One type of recoverable prior art borehole extensometer is disclosed in U.S. Pat. No. 4,719,803 to Capelle et al. The extensometer disclosed in Capelle et al. is positionable in a borehole for monitoring relative mass displacements axially along the borehole between at least two spaced-apart anchor points. The strainmeter includes at least two anchor members arranged in spaced-apart opposite relationship to define the at least two anchor points. Each of the anchor members have radially displaceable borehole wall contacting means and include mechanical means for radially outwardly displacing the borehole wall contacting means for engaging the borehole wall and to thereby fix the anchor member in the borehole against the wall thereof. A linear displacement sensing means is arranged between the anchor members, connected to one of the anchor members, and includes an elongated axially movable sensor element.

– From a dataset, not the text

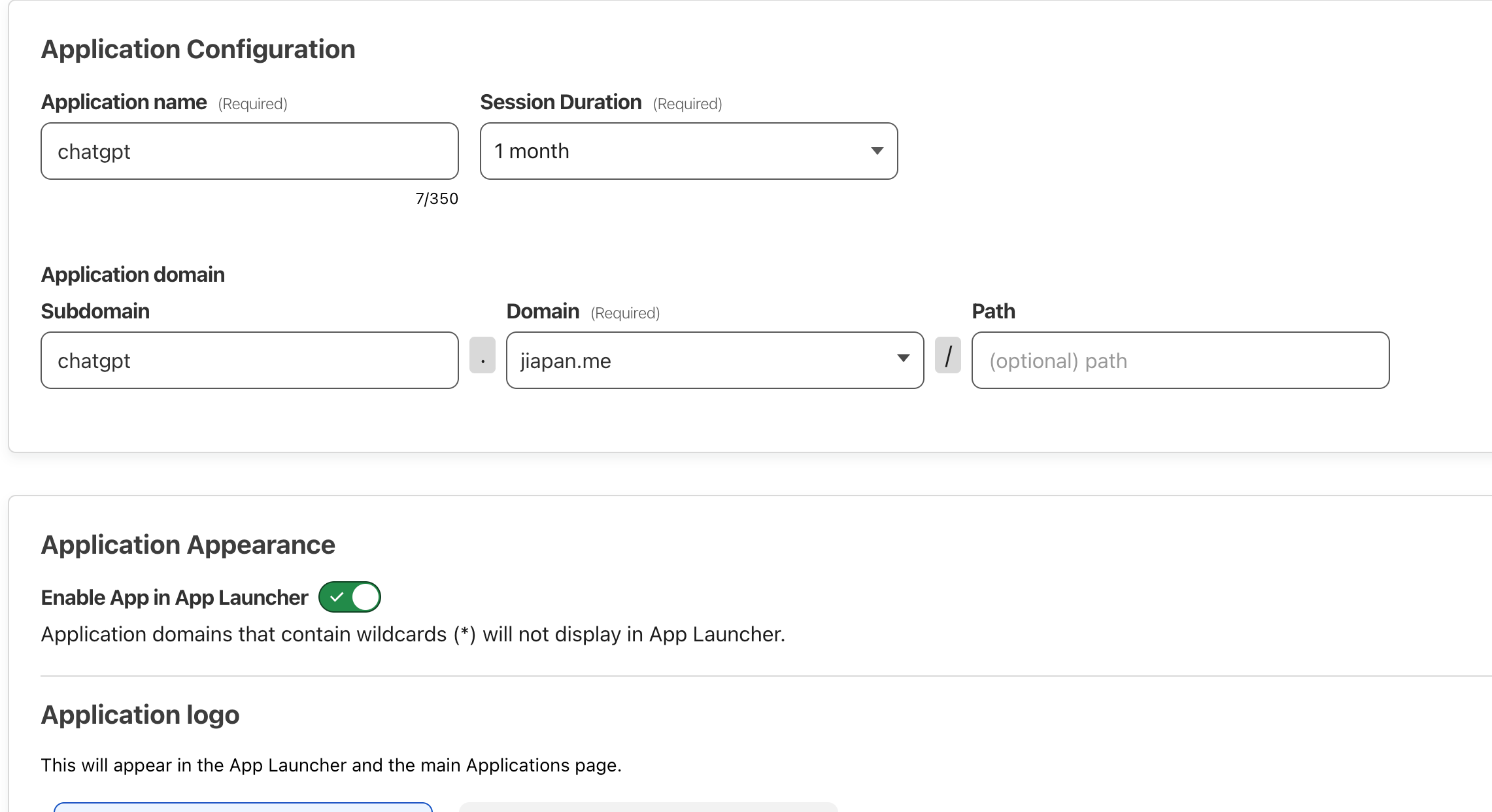 如下图,我配置了一个 chatgpt 服务,要保护的域名是 chatgpt.jiapan.me,认证后过期时间为1个月:

The sensor element is normally biased in a direction toward the other anchor member for contact engagement therewith. Relative mass displacements are transmitted to the sensor element and are measured by the displacement sensing means as a variation in distance between the anchor members within the borehole. The anchor members each have a cylindrical body and multiple elongated axially extending borehole wall contacting elements arranged circumferentially of the body. The mechanical means includes axially movable cams arranged in the body and cam follower means connected to the radially displaceable borehole wall contacting element and cooperable with the cam means upon movement thereof for radially outwardly displacing the element to contact the borehole. Connection rods are preferably used to connect the anchors and sensor.
According to Capelle et al., their extensometer must be assembled, element by element, inside the borehole, and the anchors must be separately mechanically actuated from within the borehole, using specialized tools including setting tubes and rods inserted into the borehole. In practice, these are cumbersome and time-consuming processes, given the fact that most boreholes are no more than several inches in diameter, and it is difficult to assemble and actuate the extensometer in such a confined space. Indeed, it has been found that installation of the Capelle et al. device into boreholes of one hundred feet or more in depth may take several hours. Additionally, in the Capelle et al. extensometer, the displacement transducer is compressively spring-loaded against the anchors. This compressive biasing can cause the connecting rod between the anchors to bend or buckle, thereby decreasing the extensometer's measurement accuracy, especially if the rod is greater than several several feet in length. Finally, in order to remove the Capelle et al. extensometer from the borehole, the cumbersome and time-consuming processes used to assemble the extensometer and actuate the anchors must be reversed to dis-assemble and deactuate the extensometer and anchors.
Other prior art devices of general relevance to the subject invention are disclosed in U.S. Pat. No. 4,844,197 to Maissa and U.S. Pat. No. 5,060,751 to Kuhlman et al. These devices suffer from the aforesaid and/or other disadvantages and drawbacks.